Content starts
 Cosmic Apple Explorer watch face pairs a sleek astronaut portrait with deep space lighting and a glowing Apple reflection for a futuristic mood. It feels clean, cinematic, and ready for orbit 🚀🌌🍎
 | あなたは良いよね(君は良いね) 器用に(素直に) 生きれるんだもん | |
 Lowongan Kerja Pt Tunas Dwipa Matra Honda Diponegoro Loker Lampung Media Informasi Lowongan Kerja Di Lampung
Content ends
Content starts
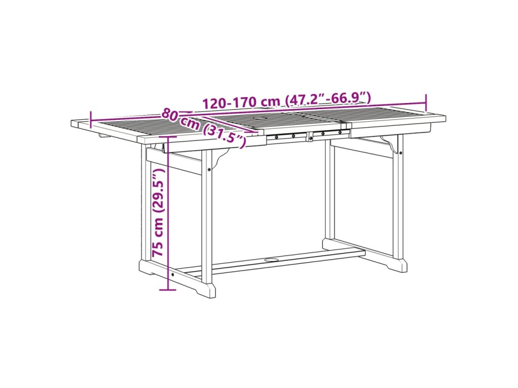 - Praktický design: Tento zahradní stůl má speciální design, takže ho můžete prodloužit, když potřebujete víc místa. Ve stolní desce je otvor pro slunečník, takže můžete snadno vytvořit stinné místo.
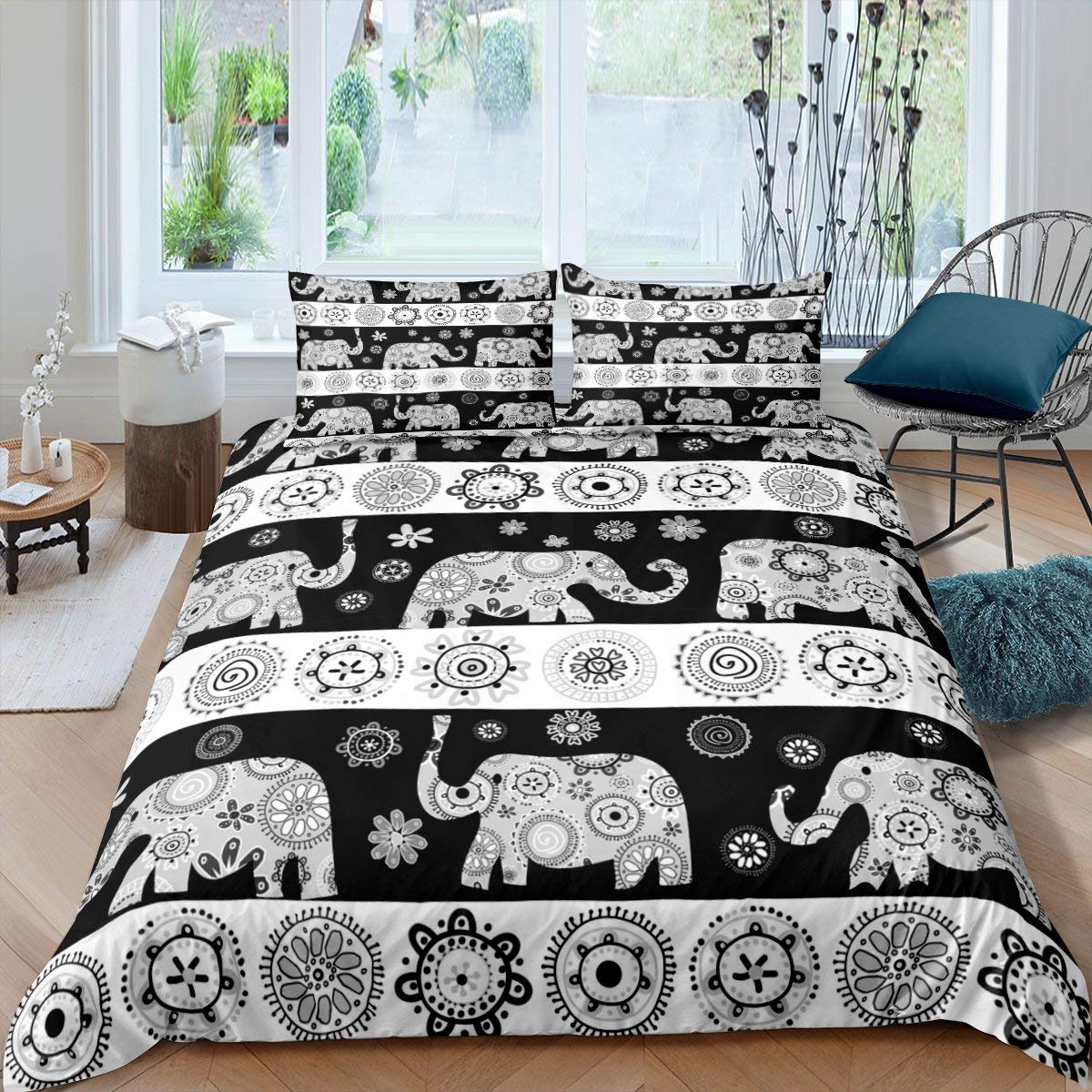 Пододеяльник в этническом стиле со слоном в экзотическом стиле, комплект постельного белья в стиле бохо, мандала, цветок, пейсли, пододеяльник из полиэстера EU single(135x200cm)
Content ends
Content starts
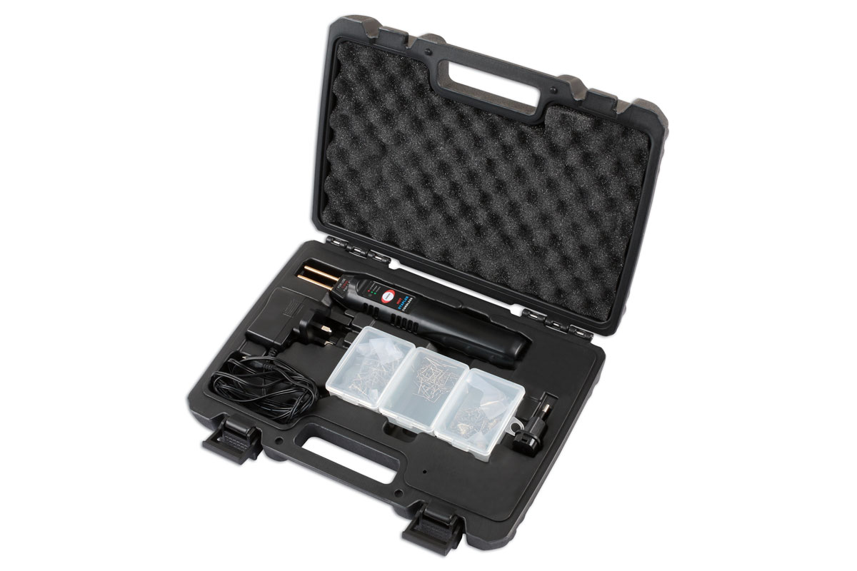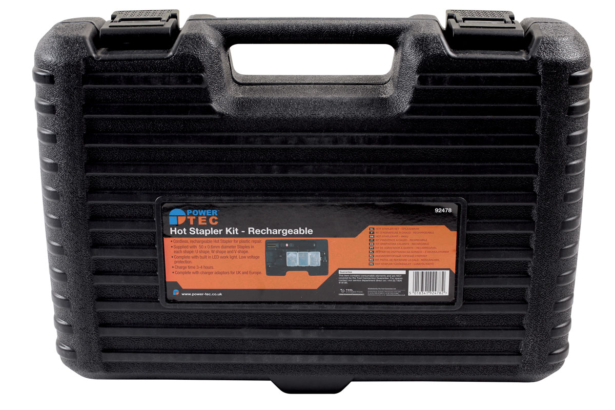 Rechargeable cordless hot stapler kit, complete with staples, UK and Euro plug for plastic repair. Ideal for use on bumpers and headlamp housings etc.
Content ends
- PROBLEM TO SOLVE
All lines above from the one holding "Cosmic Apple Explorer" to the one holding "Lowongan Kerja Pt", inclusive, are to be copied exactly; no other line is wanted.

- SOLUTION FOR THIS EXERCISE
 Cosmic Apple Explorer watch face pairs a sleek astronaut portrait with deep space lighting and a glowing Apple reflection for a futuristic mood. It feels clean, cinematic, and ready for orbit 🚀🌌🍎
 | あなたは良いよね(君は良いね) 器用に(素直に) 生きれるんだもん | |
 Lowongan Kerja Pt Tunas Dwipa Matra Honda Diponegoro Loker Lampung Media Informasi Lowongan Kerja Di Lampung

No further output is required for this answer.